In this notebook data from the Propery Sales webpages will be scraped and loaded into csv files.

## Import necessary libraries.

In [1]:
import requests
import bs4
import pandas as pd
import csv
import pprint

## Create helper functions.
Lets create a number of helper functions to scrape the web data. The following functions are defined below:
- fetch_html(url) - Takes a URL string as an input parameter and returns a BeautifulSoup object if the url is valid.
  
- extract_sale_date(soup) - Takes a BeautifulSoup object as a parameter and returns the the "Sale Date" text.

  
- parse_property_details(value, current_property) - Parses the property details field for Bedrooms, bathrooms etc.

  
-  parse_property_rows(soup,sale_date) - Takes a BeautifulSoup object and sale_date string as input parameteres. Iterates over all property sales entries and creates a list of dictionaries, where each key is a property feature (e.g bedrooms,bathrooms etc) and its value is the value for that property feature for the given property sale.

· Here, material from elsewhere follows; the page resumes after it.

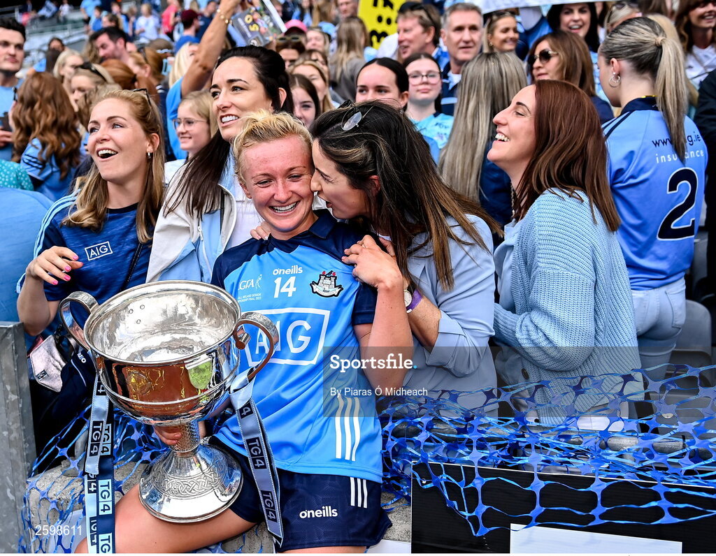 13 August 2023; Dublin captain Carla Rowe celebrates with her former team-mate Lyndsey Davey after the 2023 TG4 LGFA All-Ireland Senior Championship Final match between Dublin and Kerry at Croke Park in Dublin. Photo by Piaras Ó Mídheach/Sportsfile

### Create a helper function to fetch the HTML content of a given URL.

In [2]:
def fetch_html(url):
    # This function takes a url string as input and returns a BeautifulSoup object if successful, None if not.
    response = requests.get(url)
    if response.status_code != 200:
        print(f"Failed to fetch {url}")
        return None
    return bs4.BeautifulSoup(response.text, "html.parser")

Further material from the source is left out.